Gümüşhane’de çocuğunun öğretmenini tehdit eden akademisyen kınandı

Gümüşhane’de Eğitim-Bir-Sen teşkilatı kendisi de bir eğitimci olan akademisyen velinin, çocuğunun matematik öğretmeniyle okulda tartışıp tehdit etmesini kınadı.

Gümüşhane’de çocuğunun öğretmenini tehdit eden akademisyen kınandı

Bağlarbaşı mahallesinde bulunan Fevzipaşa Ortaokulunda matematik öğretmeni olarak görev yapan Adem Meydan, 8 Nisan tarihinde öğrencisinin velisi Gümüşhane Üniversitesi akademisyeni Doç.Dr. Ü.Ö’nün İstiklal Marşı töreni öncesi meslektaşları, velileri ve öğrencileri önünde sözlü saldırısına uğradı, tehdit edildi, darp edilmesi de olaya şahit olan öğretmenler tarafından engellendi.

Olayın ardından konunun adliyeye intikal etmesiyle Doç.Dr. Ü.Ö hakkında Asliye Hukuk Mahkemesince 6 ay boyunca öğretmenin bulunduğu konuta, okula ve işyerine yaklaşmaması yönündeki tedbir kararı alınırken, Eğitim-Bir-Sen teşkilatı da okul bahçesinde olayı kınayan bir basın açıklaması yaptı.

“Öğretmene yönelen şiddetin örf ve adetlerimize, hukuk düzenimize ve milletimizin tüm dünyaya örnek uygulamalarına ters düştüğünün altını bir kez daha çizmek istiyorum”

Memur-Sen İl Başkanı Harun Şeker, sendika yöneticileri ve öğretmenlerin katıldığı basın açıklamasında Hz.Ali’nin “Bana bir harf öğretenin kırk yıl kölesi olurum” sözlerini hatırlatan Eğitim-Bir-Sen Gümüşhane şube Başkanı Habib Tanış, “Biz bu düstur ile yetişmiş  bir milletiz.
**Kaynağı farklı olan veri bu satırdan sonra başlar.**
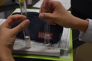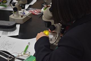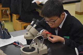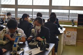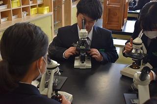 1年生理科の授業。顕微鏡の使い方を学習中です。使い方の手順を確認し、実際にやってみます。「あっ、見えた」、夢中でレンズを覗く姿が教室にありました。
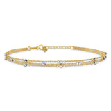 14k Two-tone 3-Strand Chain with Mirror Beads 9 inch Plus 1 inch Extender - Total 10 inch Anklet
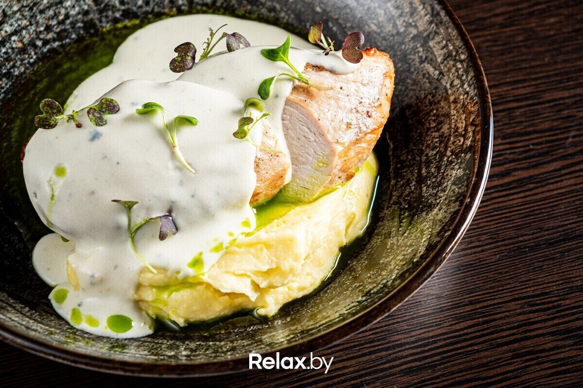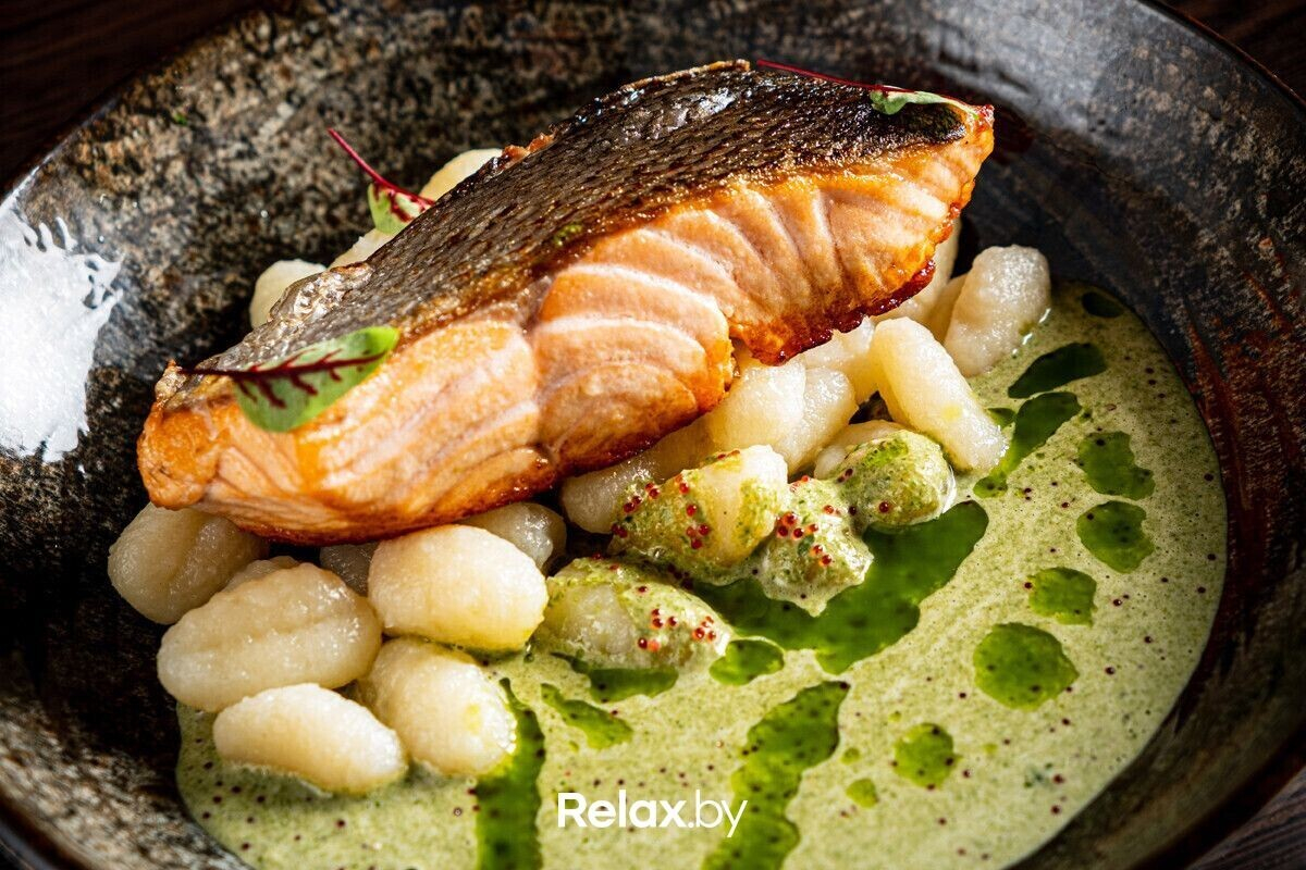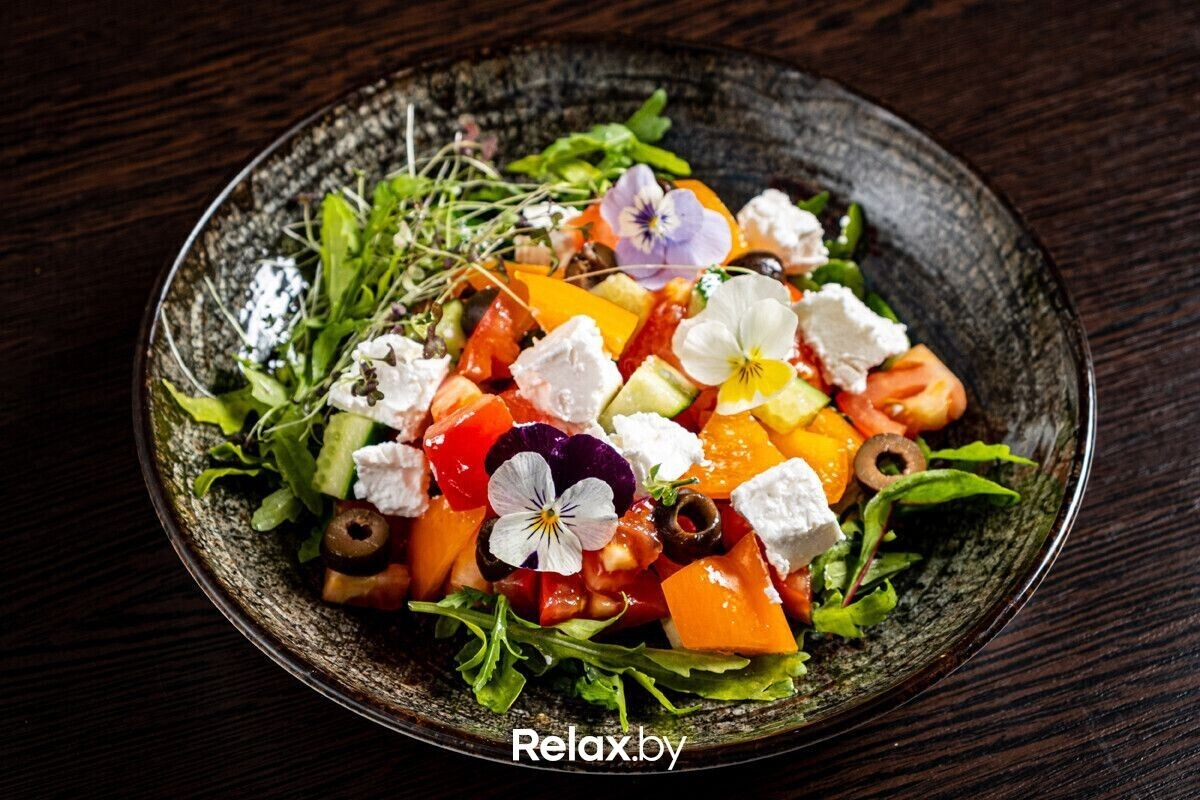 Отдельного внимания заслуживают салаты: попробуйте греческий с красным луком, Цезарь с курицей, салат из рукколы с креветками, теплый салат с говядиной или с куриной печенью. Ну а в категории горячих блюд уж точно найдется позиция на любой вкус: от стейка из лосося или говядины до филе судака, пасты, фрикасе из языка.

Bu anlayışla geleceğimiziniz mimarı olacak nesilleri yetiştiriyoruz. Fakat geleceğimizi emanet ettiğimiz eğitimcilere yönelik saldırılar, tedbir alınmadığı için artarak devam etmektedir. Eğitim ve şiddeti aynı cümle içerisinde kullanmak bile bizi derinden yaralamaktadır. Eğitimciye saldırı topluma ve toplumun geleceğine yapılmış bir saldırıdır. Hal böyle iken, öğretmene yönelen şiddete karşı toplum olarak karşı çıkmak hepimizin ödevidir. Bu konuda birer ebeveyn olarak, bu geleneğin ve toplumun saygın birer üyesi olarak hep birlikte bu mücadeleyi yürütmeliyiz. Öğretmene yönelen şiddetin örf ve adetlerimize, hukuk düzenimize ve milletimizin tüm dünyaya örnek uygulamalarına ters düştüğünün altını bir kez daha çizmek istiyorum. Başta Öğretmenlerimize yönelen şiddet eylemleri olmak üzere her türlü şiddeti kınıyoruz” dedi.

“Hiçbir veli geleceğimizi emanet ettiğimiz öğretmenlerimize karşı sözlü, fiziki ve yazılı olarak şiddet gösterme hakkına sahip değildir”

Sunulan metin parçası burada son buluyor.